If you’re a professional photographer, you’re likely familiar with the stress of having thousands of photographs stored on memory cards and your computer. Without a proper backup strategy, you could lose these photos, resulting in dissatisfied clients, evaporated intellectual property and/or tons of extra work. As you try to keep your photos securely backed up, learn more about the top backup strategies and backup solutions for photographers. 

4 Backup Strategies for Photographers

When you want to know how professional photographers back up their photos and protect themselves from data loss, you’ll want to start by following a few photo backup best practices. Instead of risking the loss of your photos, review our top four backup strategies for photographers below:

1. Follow the 3-2-1 Backup Rule

Any photographer serious about keeping their photos backed up securely should follow the 3-2-1 backup rule. This rule states that you should keep three copies of your data on two different media types, with one of these copies saved off-site. In practice, you might keep a copy of your data on your work device, another copy on an external hard drive, and a third copy on an endpoint backup provider’s secure cloud. 

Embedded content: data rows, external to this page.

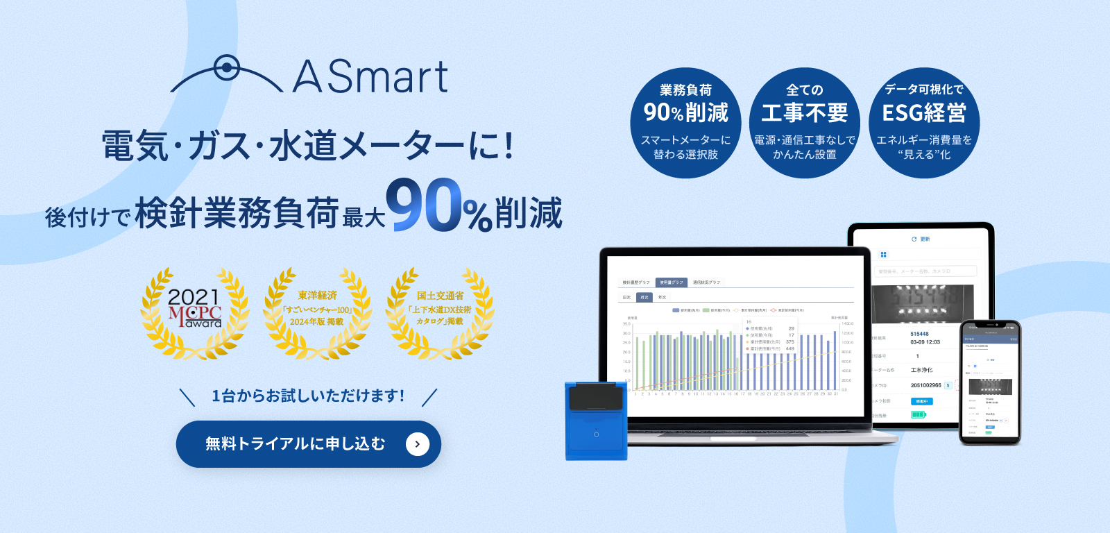 A Smartを設置するだけで、既設メーターを活かしたまま検針業務をワンストップで無人化。コストと手間は最小限に抑えながら、業務効率化と人手不足解消を叶える、まったく新しい選択肢です。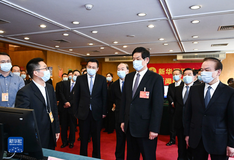 O chefe do Legislativo da China, Li Zhanshu, visitou os jornalistas que cobriram a quinta sess?o da 13a Assembleia Popular Nacional (APN).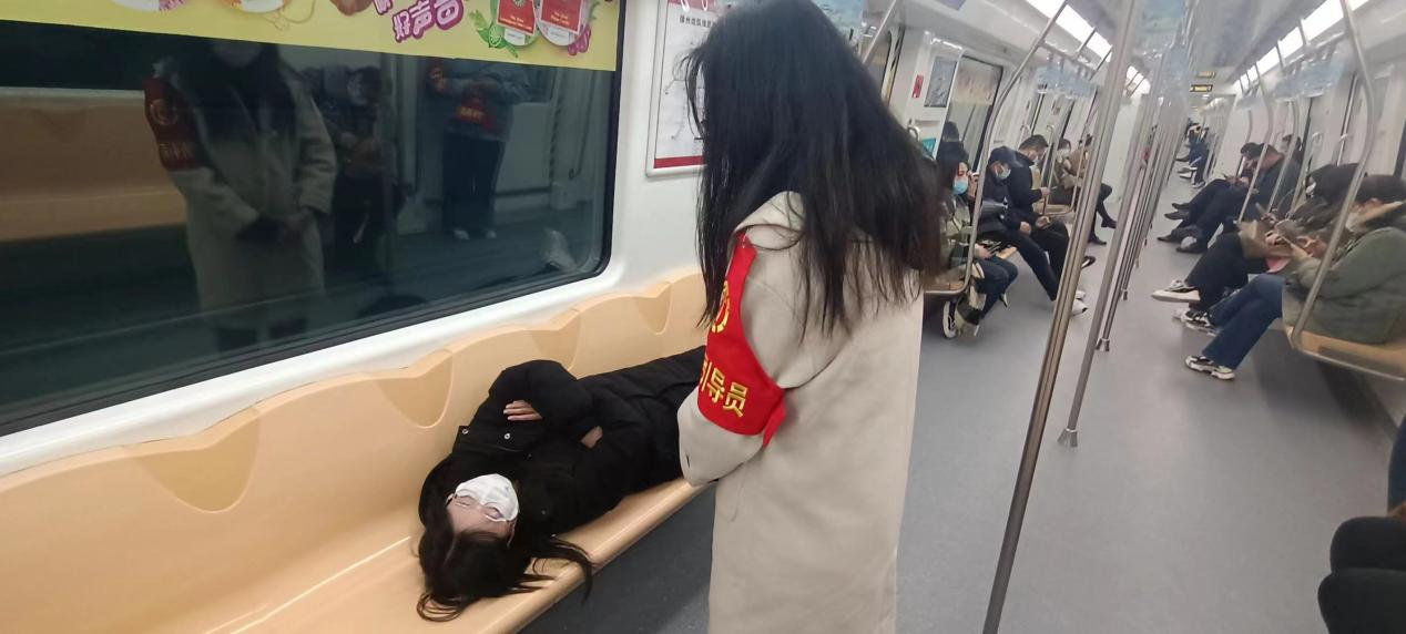 同学们在地铁工作人员的引导下,积极承担起“文明督导员”的角色,引导乘客文明礼让,安全乘车,劝阻地铁车站及列车车厢内不文明行为,包括争吵谩骂、随地吐痰、躺卧公共座椅、大声喧哗、争抢座位等等。

By following this rule, you can significantly reduce the risk of losing your pictures and any other data you need for work. The core idea behind this strategy is to ensure you have multiple places where you can access your images if something affects any one (or more) of your backup locations. For example, when your hard drive fails, you’ll still have copies on your personal devices and in your provider’s cloud.

2. Pair an External Hard Drive With an Endpoint Backup Solution

When following the 3-2-1 backup rule, you’ll need to choose between a few different types of backup solutions for photographers. After you make your selects and imports, and before you delete your photos from your memory cards, you’ll need to back up the photos to a physical device and a secure cloud. By backing up your copies on an external hard drive, you can reduce the risk of losing your photographs if user error or computer failure wipes your copies.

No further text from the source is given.